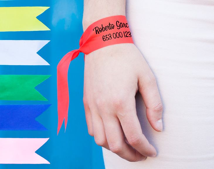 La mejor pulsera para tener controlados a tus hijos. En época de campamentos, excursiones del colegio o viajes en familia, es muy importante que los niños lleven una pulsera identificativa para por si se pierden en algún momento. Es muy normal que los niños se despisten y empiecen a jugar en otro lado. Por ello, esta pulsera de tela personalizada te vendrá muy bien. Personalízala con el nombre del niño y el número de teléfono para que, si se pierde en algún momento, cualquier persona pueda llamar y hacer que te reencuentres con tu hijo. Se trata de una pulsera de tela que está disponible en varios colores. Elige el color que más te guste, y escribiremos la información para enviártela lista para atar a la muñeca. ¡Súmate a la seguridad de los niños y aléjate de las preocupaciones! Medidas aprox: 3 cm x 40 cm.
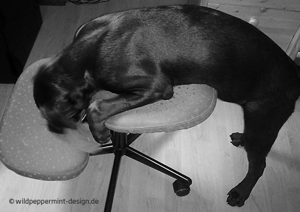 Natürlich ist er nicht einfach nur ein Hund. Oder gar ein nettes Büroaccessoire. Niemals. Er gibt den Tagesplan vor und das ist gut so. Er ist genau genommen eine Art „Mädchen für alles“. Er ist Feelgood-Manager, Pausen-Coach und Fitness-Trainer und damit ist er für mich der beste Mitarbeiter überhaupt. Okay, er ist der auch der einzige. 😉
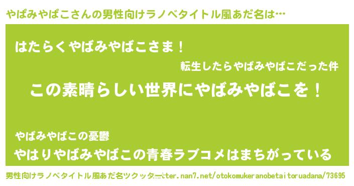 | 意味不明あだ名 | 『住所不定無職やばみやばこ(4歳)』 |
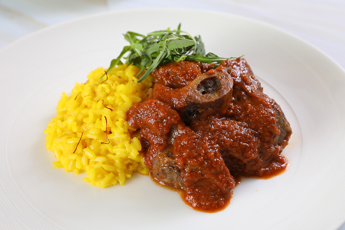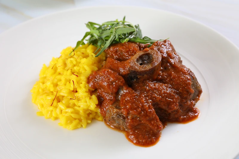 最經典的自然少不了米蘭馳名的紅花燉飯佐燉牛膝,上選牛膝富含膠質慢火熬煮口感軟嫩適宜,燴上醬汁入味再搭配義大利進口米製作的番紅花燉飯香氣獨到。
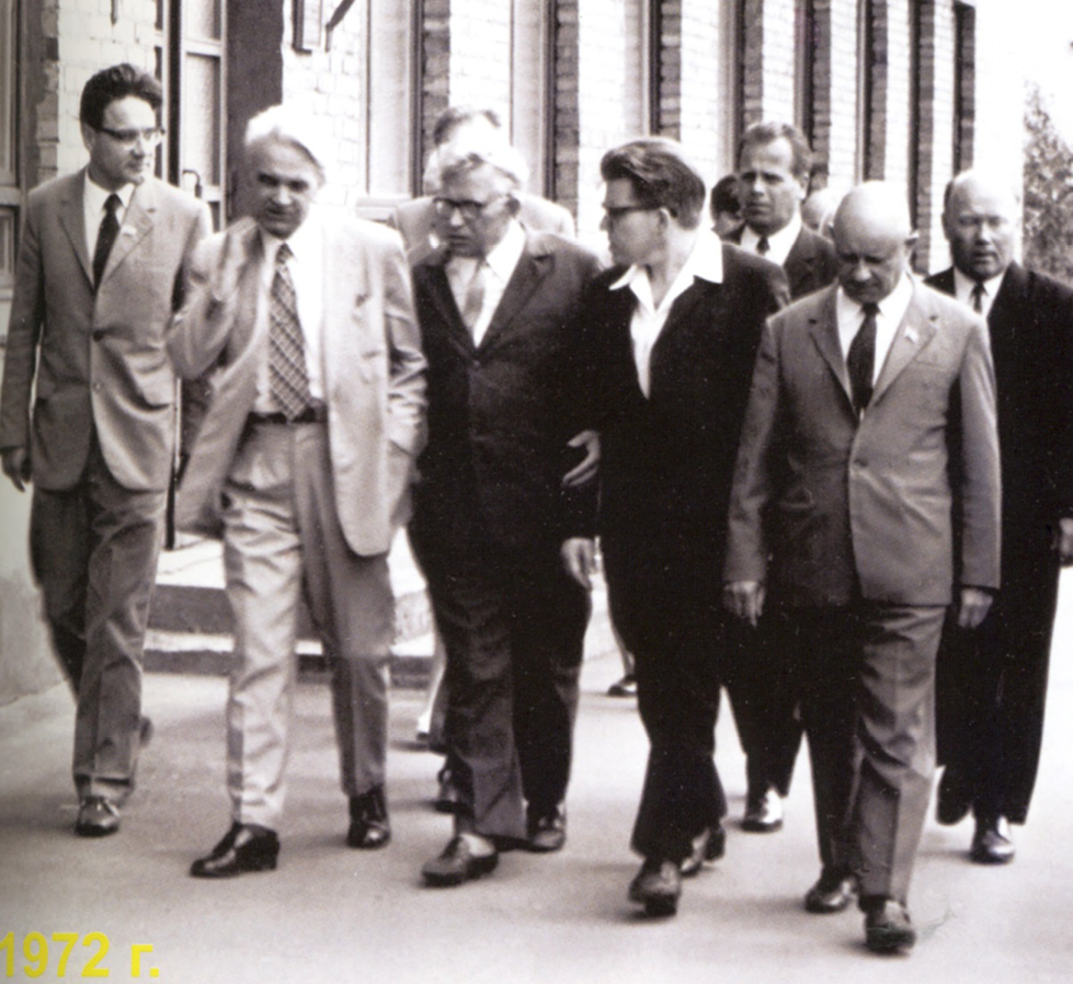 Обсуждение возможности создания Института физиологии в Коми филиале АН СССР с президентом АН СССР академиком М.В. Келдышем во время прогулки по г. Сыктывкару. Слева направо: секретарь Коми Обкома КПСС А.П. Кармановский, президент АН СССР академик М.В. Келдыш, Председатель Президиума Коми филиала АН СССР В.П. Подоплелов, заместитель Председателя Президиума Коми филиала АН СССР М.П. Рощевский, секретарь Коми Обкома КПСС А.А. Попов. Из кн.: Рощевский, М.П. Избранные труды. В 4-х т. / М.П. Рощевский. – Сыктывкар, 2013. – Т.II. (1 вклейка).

----------

* DESCRIPTION OF THE TASK
Reproduce each entry word for word and cut the images.

* ANSWER SPACE
 La mejor pulsera para tener controlados a tus hijos. En época de campamentos, excursiones del colegio o viajes en familia, es muy importante que los niños lleven una pulsera identificativa para por si se pierden en algún momento. Es muy normal que los niños se despisten y empiecen a jugar en otro lado. Por ello, esta pulsera de tela personalizada te vendrá muy bien. Personalízala con el nombre del niño y el número de teléfono para que, si se pierde en algún momento, cualquier persona pueda llamar y hacer que te reencuentres con tu hijo. Se trata de una pulsera de tela que está disponible en varios colores. Elige el color que más te guste, y escribiremos la información para enviártela lista para atar a la muñeca. ¡Súmate a la seguridad de los niños y aléjate de las preocupaciones! Medidas aprox: 3 cm x 40 cm.
 Natürlich ist er nicht einfach nur ein Hund. Oder gar ein nettes Büroaccessoire. Niemals. Er gibt den Tagesplan vor und das ist gut so. Er ist genau genommen eine Art „Mädchen für alles“. Er ist Feelgood-Manager, Pausen-Coach und Fitness-Trainer und damit ist er für mich der beste Mitarbeiter überhaupt. Okay, er ist der auch der einzige. 😉
 | 意味不明あだ名 | 『住所不定無職やばみやばこ(4歳)』 |
 最經典的自然少不了米蘭馳名的紅花燉飯佐燉牛膝,上選牛膝富含膠質慢火熬煮口感軟嫩適宜,燴上醬汁入味再搭配義大利進口米製作的番紅花燉飯香氣獨到。
 Обсуждение возможности создания Института физиологии в Коми филиале АН СССР с президентом АН СССР академиком М.В. Келдышем во время прогулки по г. Сыктывкару. Слева направо: секретарь Коми Обкома КПСС А.П. Кармановский, президент АН СССР академик М.В. Келдыш, Председатель Президиума Коми филиала АН СССР В.П. Подоплелов, заместитель Председателя Президиума Коми филиала АН СССР М.П. Рощевский, секретарь Коми Обкома КПСС А.А. Попов. Из кн.: Рощевский, М.П. Избранные труды. В 4-х т. / М.П. Рощевский. – Сыктывкар, 2013. – Т.II. (1 вклейка).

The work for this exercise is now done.